After closing and locking the door behind Don, Charlotte spent the next two hours packing up a few things in her tiny apartment, glad her Toyota was an SUV, because it meant she didn’t have to tow a trailer. Sadly, everything she owned would more than likely fit in her car. For the moment, she set her boxes in the corner of her living room in anticipation of her move out date.

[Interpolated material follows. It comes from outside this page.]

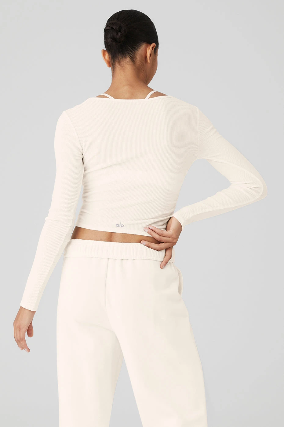 Put the “warm” in warm-up with the Gather Long Sleeve. It’s made with a soft ribbed knit and has a cropped, fitted silhouette and cute cinched sides. Pairs pretty with the High-Waist Goddess Legging.
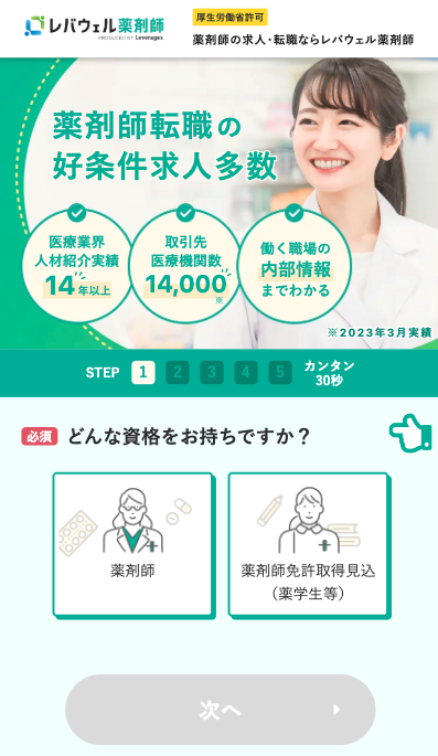 転職が初めてで不安な方から、納得いくまで転職活動を続けたい方まで、すべての方に寄り添ってくれるのがレバウェル薬剤師です!

Tell me where you are and I’ll find you.
Charlotte jumped at the sound of the voice in her head. The voices kept coming. No, not voices…one voice. It had started on her twenty-fifth birthday, and it would come at the most inconvenient times. Like in the middle of an audition…usually when she was feeling the most nervous or stressed. The voice was sexy, deep, and very Scottish, something she’d always been a sucker for. What girl wasn’t? No one she knew, that was for darn sure. She flipped off the bedroom light and climbed into bed, hoping sleep would come quickly.
The following morning, she handed printed versions of her e-mail notice in to both her landlord and boss. She made the most of her time left with Don and then, two weeks later, she pulled out of the Disneyland staff parking lot and headed north. It took her almost two days, with a stop at a dive motel when she was in danger of falling asleep at the wheel, but she arrived home just after eleven p.m., grateful her mother was a night owl and sentimental. She had kept Charlotte’s room exactly as she’d left it. Falling into the familiar warmth of her childhood bed, she slept until after lunch the next day and then went about trying to reestablish her life in the Pacific Northwest.